A assessoria de imprensa da Presidência não fez nenhum
comentário sobre o impacto da inflação na popularidade do governo entre os
brasileiros de baixa renda.
Índice de referência
A inflação do Brasil, medida pelo índice de referência IPCA,
acelerou para 8,89 por cento nos 12 meses até junho, segundo dados publicados
nesta quarta-feira.
O IPCA mede o aumento dos preços para as famílias que ganham
até 40 salários mínimos, atualmente R$ 31.520 (cerca de US$ 9.800) por mês.
Desde março, os preços dos bens que têm um peso maior para
as famílias de baixa renda, como cebola, carne e eletricidade, estão
ultrapassando o indicador principal.
O índice INPC, que calcula a inflação para as famílias que
ganham até cinco salários mínimos, aumentou 9,31 por cento em junho e avançou
10,72 por cento no Rio de Janeiro.
Na Comunidade Dilma Rousseff, o chão está cheio de lixo
queimado e pedaços de tijolos.

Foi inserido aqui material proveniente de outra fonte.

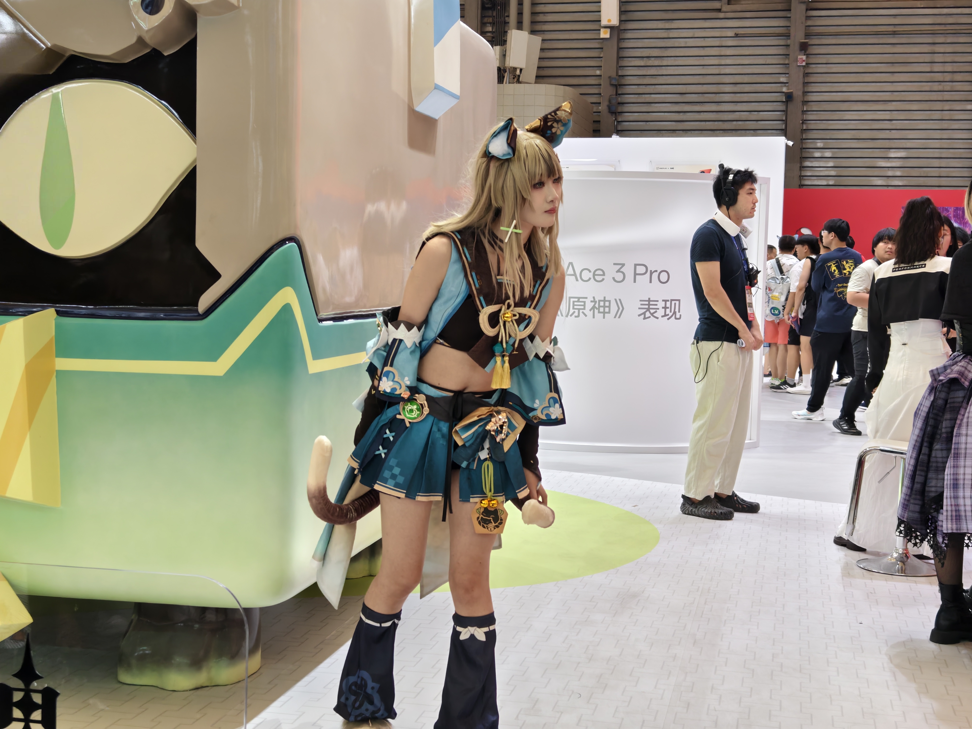 本届 ChinaJoy ,米哈游没有来,但是一加以另一种形式把它带到了这里 ChinaJoy,整个展览区域充满了米哈游元素。其中一个重要的宣传点是一加。 Ace 3 Pro 《原神》120完成 帧游戏表现。

A placa em homenagem a Dilma está jogada ali
desde 26 de junho, dia em que a revista Veja publicou uma matéria sobre
supostas doações ilegais feitas à campanha de reeleição da presidente em 2014 e
reinflamou os pedidos de impeachment.
“Eu tirei a placa com raiva, com tristeza, com desgosto, e
aborrecido”, disse o pastor Vagner Gonzaga, líder da comunidade, em uma
entrevista em sua igreja. “Eu disse: ‘Isso acaba aqui’. Acabou a associação.

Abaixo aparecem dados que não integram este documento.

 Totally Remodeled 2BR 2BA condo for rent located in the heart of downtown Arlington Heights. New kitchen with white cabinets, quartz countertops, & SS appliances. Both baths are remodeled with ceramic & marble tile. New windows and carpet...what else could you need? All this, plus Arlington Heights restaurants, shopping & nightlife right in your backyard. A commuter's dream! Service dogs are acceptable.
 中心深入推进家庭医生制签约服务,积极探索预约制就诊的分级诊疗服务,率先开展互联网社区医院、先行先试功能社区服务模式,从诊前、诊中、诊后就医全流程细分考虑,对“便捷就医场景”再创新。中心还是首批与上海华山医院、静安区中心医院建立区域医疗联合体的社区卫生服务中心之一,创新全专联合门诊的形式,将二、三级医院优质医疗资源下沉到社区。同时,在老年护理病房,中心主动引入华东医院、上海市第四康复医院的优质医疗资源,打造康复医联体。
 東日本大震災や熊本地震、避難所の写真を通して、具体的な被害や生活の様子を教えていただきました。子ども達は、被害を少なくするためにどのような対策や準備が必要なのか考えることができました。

Acabou. Acabou Dilma Rousseff”.
Tarifa de eletricidade
O custo da eletricidade, medido conforme o índice INPC,
aumentou 41.5 por cento nos seis primeiros meses do ano. A tarifa dos ônibus
urbanos subiu mais de 12,5 por cento, o feijão, até 24,5 por cento, e os ovos,
13,3 por cento.
Os preços da cebola e do tomate dispararam 151 por cento e
59,1 por cento, respectivamente.
Desde dezembro, a aprovação do governo Dilma caiu 31 pontos
porcentuais, para 10 por cento entre os que ganham o equivalente a cinco
salários mínimos ou menos, de acordo com o Ibope.
A taxa de aprovação do governo é de 9 por cento, de acordo
com uma pesquisa realizada pelo Ibope entre os dias 18 a 21 de junho, com uma
margem de erro de mais ou menos dois pontos porcentuais. A taxa é pior que a do
governo de Fernando Collor, que renunciou em 1992 em meio a um processo de
impeachment.
Se dependesse do pastor Gonzaga, ele faria o impeachment de
Dilma “urgentemente”.
“Agora eu sou anti-Dilma, anti-Lula”, disse Gonzaga,
referindo-se ao antecessor de Dilma, Luiz Inácio Lula da Silva, cujo governo
tinha uma taxa de aprovação de 80 por cento no fim do segundo mandato. “Eu
acreditei que esse governo era para os pobres”.